By Sam Markell, Bob Harveson and Febina Mathew*
#1: Phomopsis Stem Canker
Deadly fugitive that has resurfaced in the last decade.
Last Spotted: Phomopsis stem canker has ravaged Northwest Minnesota and Eastern North Dakota in recent years and has stolen yield as far south as the High Plains.
Description: Phomopsis stem canker appears as a large (often greater than 6 inches) and brown stem lesions, always centered on a petiole. The stem becomes hollow underneath the lesion, is easily punctured with thumb pressure and frequently results in lodging.

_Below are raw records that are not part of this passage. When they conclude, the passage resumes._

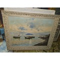 Large framed coastal scene painting - Signed - 95x75cm approx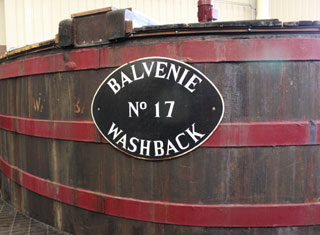 | 발효가 완료되면 알코올 도수 7~8% 내외의 술덧(Wash)이 된다. 위스키 제조업체들은 스테인리스 발효통을 사용하는데 비해 발베니 증류소는 천연 전나무로 만든 발효통을 사용한다. |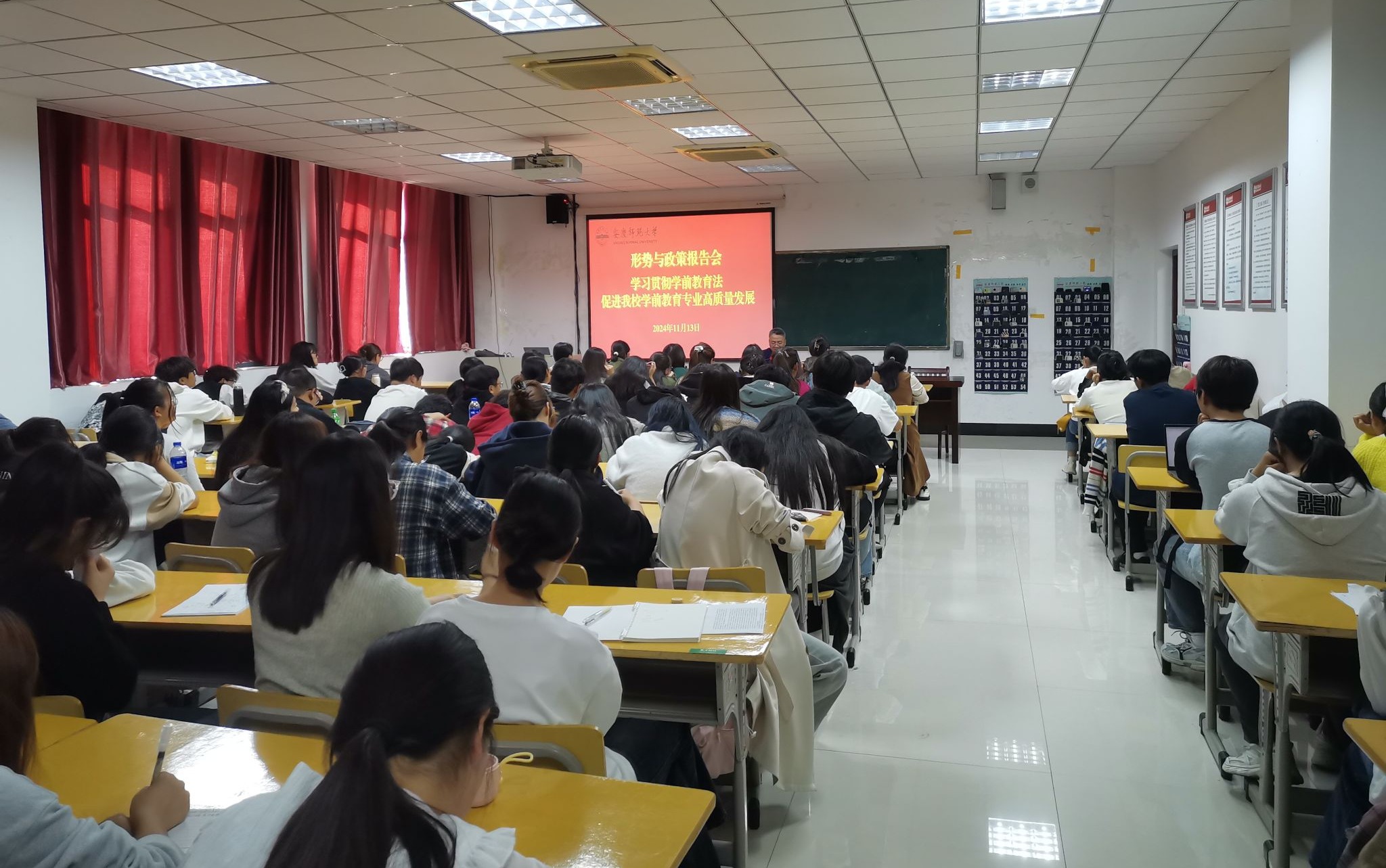 11月13日,校党委书记李福华为教育科学学院师生作《学习贯彻学前教育法,促进beat365官网学前教育专业高质量发展》的形势与政策报告,深入学习贯彻党的二十大和二十届二中、三中全会精神,贯彻落实习近平总书记关于教育的重要论述和全国教育大会精神,学习宣传学前教育法,推动学前教育专业认证专家反馈问题整改工作。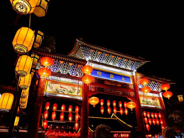 夜色下的永兴坊牌坊,也是入口处,进去之后就是窄小的民俗小吃街。古典的牌坊在灯光下一下就让人生出了久远的年代感。

Commonly Known Hangouts: The fugitive will survive the winter on sunflower residue but may also survive on weed hosts. The fugitive flourishes in wet weather, but can still cause infections with average rainfall. An aggressive attack by this fugitive early in the season will devastate a crop.
Apprehension in 2019: Difficult. Consult your seed company for a hybrid less susceptible to the disease. Strobilurin fungicides (FRAC 11: such as Headline, Quadris, etc.) applied in early reproductive growth stages have shown some promise, but are not guaranteed to slow this fugitive down.
#2: White Mold
Deadly fugitive that attacks sunflower in three different ways.
Last Spotted: Most common in the Dakotas and Minnesota. Also spotted in High Plains.
Description: The fugitive can attack the base of the stem (causing wilt), the middle of the stem (stem rot) or the sunflower head (head rot). Plants under attack express a water soaked lesions that become tan, enlarges and eventually shreds. The fugitive often leaves evidence behind in form of hard black sclerotia and fluffy white fungal growth.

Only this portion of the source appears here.